For any >0 (to give an error requirement at random), there is n>0 (a criterion for judging x ability can be found), so that when x > n (x gives full play to his ability according to this criterion) there is always |f(x)-a|< value between f(x) and the limit will satisfy the error requirement).

Similarly for any >0, there is n>0 such that when x<-n there is always a |f(x)-a|<ε

Note that it is not infinite, the ability of this x is not arbitrarily large, but arbitrarily close to x0, and the standard for measuring x's ability is a δ, as long as the distance between x and x0 is less than δ even if x gives full play to its ability, it can achieve a small distance ratio between f(x) and a. Tell whether to approach x0+ or x0 - it's a question of who minus whom)

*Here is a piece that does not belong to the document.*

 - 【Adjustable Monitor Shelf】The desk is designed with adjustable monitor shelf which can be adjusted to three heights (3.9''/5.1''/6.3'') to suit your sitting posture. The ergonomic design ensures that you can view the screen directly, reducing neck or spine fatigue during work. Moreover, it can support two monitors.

For any >0, there is δ>0 such that when x-x0 <δ (x approaches x0 from the right, so x-x0) there is always a |f(x)-a|<ε

For any >0, there is δ>0 such that when x0-x <δ (x approaches x0 from the left, so x0-x) there is always a |f(x)-a|<ε

If you think about this yourself and understand this kind of question, you will have no problem at all. The above method of understanding is not what I thought, it was said by our physics teacher, and I just polished the language. I found his point very instructive, and he said that the language of calculus is actually a kind of idea similar to a physical experiment.

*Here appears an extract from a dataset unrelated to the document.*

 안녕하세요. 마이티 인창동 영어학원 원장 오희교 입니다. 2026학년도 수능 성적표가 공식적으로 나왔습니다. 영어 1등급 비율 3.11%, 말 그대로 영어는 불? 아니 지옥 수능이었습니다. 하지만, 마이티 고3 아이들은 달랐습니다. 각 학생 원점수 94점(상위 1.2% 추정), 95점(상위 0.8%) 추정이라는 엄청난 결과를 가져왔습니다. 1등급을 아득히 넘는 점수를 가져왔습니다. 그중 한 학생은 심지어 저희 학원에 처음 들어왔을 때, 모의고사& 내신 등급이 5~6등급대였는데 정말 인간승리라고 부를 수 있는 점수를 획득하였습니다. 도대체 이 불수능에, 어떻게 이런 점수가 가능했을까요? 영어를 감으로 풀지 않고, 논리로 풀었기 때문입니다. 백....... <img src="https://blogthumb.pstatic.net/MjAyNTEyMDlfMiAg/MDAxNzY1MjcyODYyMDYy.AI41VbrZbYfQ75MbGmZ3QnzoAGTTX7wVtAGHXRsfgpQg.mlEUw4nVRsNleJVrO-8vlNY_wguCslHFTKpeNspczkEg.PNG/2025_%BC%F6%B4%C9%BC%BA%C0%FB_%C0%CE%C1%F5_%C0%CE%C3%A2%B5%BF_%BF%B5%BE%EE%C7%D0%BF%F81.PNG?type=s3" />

Physicists are concerned with the gap being small enough, not with the logical rigor of mathematicians; As a result, mathematicians also had a headache when they really needed to define the mathematical concept of "limit", and it took centuries to come up with the current language of calculus. We can also feel that analytics is not very profound, and its real ideological core is closely integrated with the real world. (The last paragraph is too philosophical, and if the landlord is not interested, I won't ......say it.)I like to ramble on my philosophical understanding when answering questions).

I really don't know about this! There should be example questions in the book, right?